Also, African American Muslims embrace a wide full range of options when it comes to choosing allies. Some African American Muslim groups may still create an atmosphere that almost guarantees Black exclusivity, though I do not know of any group leadership which officially requires this anymore. I would remind people, though, that in his last days El-Hajj Malik Shabazz/Malcolm X talked about this from a developmental perspective. He envisioned a day when Black people would be strong enough, and non-Black people purged of anti-Black racism enough, to build alliances on an equal footing. Today, a lot of young Muslims cross racial lines in alliance-building. However, I hear a lot of people noting that while African American Muslims have been willing to support causes in “Muslim Countries,” there has been insufficient willingness by other Muslims to support the Black Freedom Struggle.
Is Religion, In Fact, a Relevant Cleavage Within the Black Freedom Struggle?

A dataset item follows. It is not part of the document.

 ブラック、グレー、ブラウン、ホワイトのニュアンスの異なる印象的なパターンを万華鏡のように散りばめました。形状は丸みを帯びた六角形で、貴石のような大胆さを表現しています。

Yes, there are religious divides in the Black Freedom Struggle. From what I can tell, though, the biggest problem is not between Black Christians and Black Muslims. These two groups now largely relate to one another like Protestant and Catholic Christians. They may view each other as theologically misguided to a degree, but the open warfare between them has largely subsided. The main cleavage that I see is between a segment of the Black Nationalist and Pan-Africanist wing of the movement and Black Muslims.

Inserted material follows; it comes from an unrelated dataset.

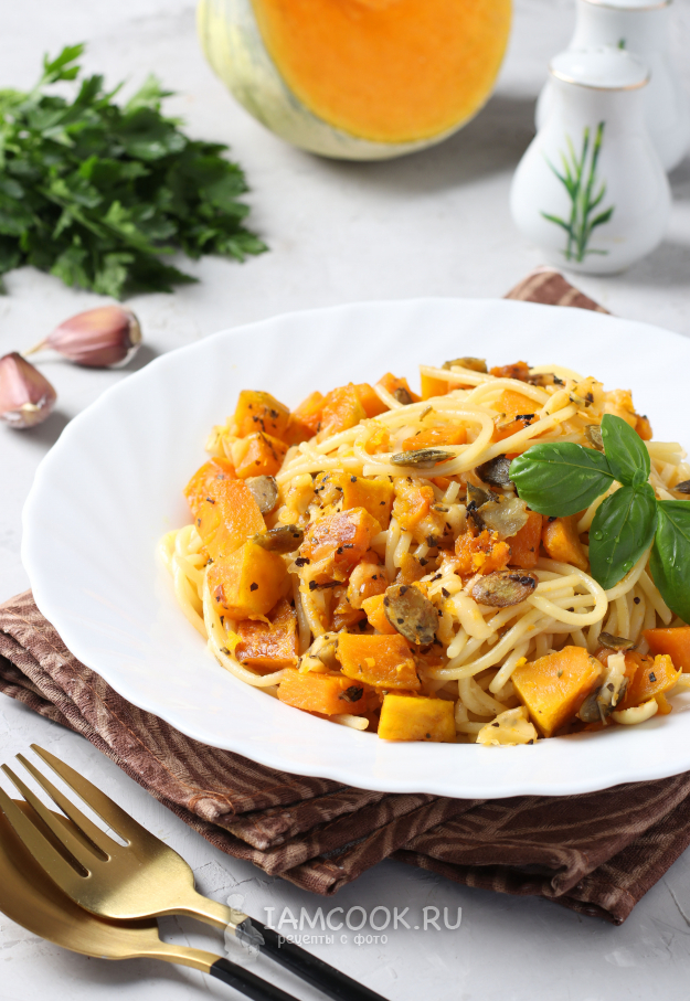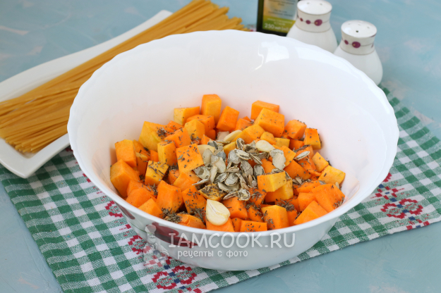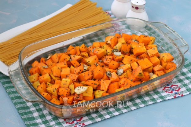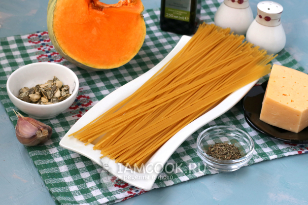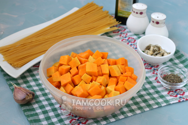 Для приготовления макарон с тыквой и сыром подготовить из списка необходимые ингредиенты.
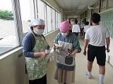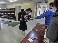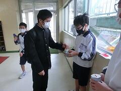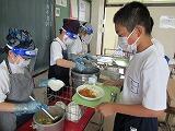 コロナウィルス感染予防のため,給食の配膳時,職員はもちろんですが,生徒たちも注意を払っています。

A segment of the Pan-Africanist, Black Nationalist, and African Folk Religion communities subscribe to Orientalist/Islamophobic views of Islam and Muslims. These three communities overlap to a large degree, though many in the former two groups are secular Marxists, Atheists, etc. But I find that I can rarely attend a gathering where these groups predominate without there being some verbal attack on the conflated imaginary that is “the Arab religion of Islam.” And, in my experience in these circles, there is often no differentiation between Muslims who are Arab, Persian, Desi, etc.
When you read (or listen to talks by) central voices in these circles, like Chancelor Williams and Dr. Ben Jochannon, you find a racializing of “the Arabs” as White enslavers, and of Islam as the religion used by “the Arabs” to enslave African people and colonize African lands. Or you find the implication that “the dark skinned Moors” are “the real Arabs” and that other Arabs are “fake.” Thus, some people in these circles want to either denounce African-descent Muslims as traitors, or save us from a largely imagined “White Arab” mind-control scheme. Alas, when it comes to Muslims in and around the Sahara, and what we crudely call salafi-wahhabi circles, they are not as wrong as I would like for them to be. Sherman Jackson discusses Black Orientalist scholars in his book Islam and the Blackamerican.

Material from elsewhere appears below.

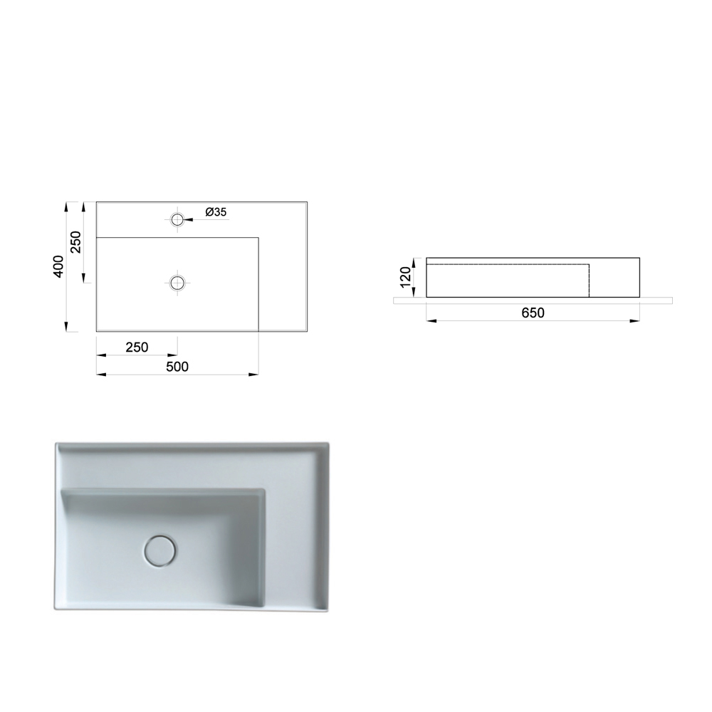 Lavatório em cerâmica preta mate de estilo moderno, disponível sem furo para torneira.

On the Muslim side, many African American Muslims will limit the emphasis on race in addressing social issues. As I said above, some insist on solving problems by invoking a mythically simple life of “just” following Qur’an and Sunnah. Others are a little more flexible, but would still deifying Blackness, Black people, or exclusively Black concerns when defining the struggle. Similarly, African Folk Religion communities would be seen by a lot of African American Muslims as idol-worshippers.
Despite all of this, African Americans still work together in the struggle. The Muslim professors based at Historically Black Colleges and Universities (HBCUs) are a great example. Beyond our schools, Karima Al-Amin’s interview reveals that Maynard Jackson actually helped with the relocation of Imam Jamil Al-Amin to Atlanta in the 1970s.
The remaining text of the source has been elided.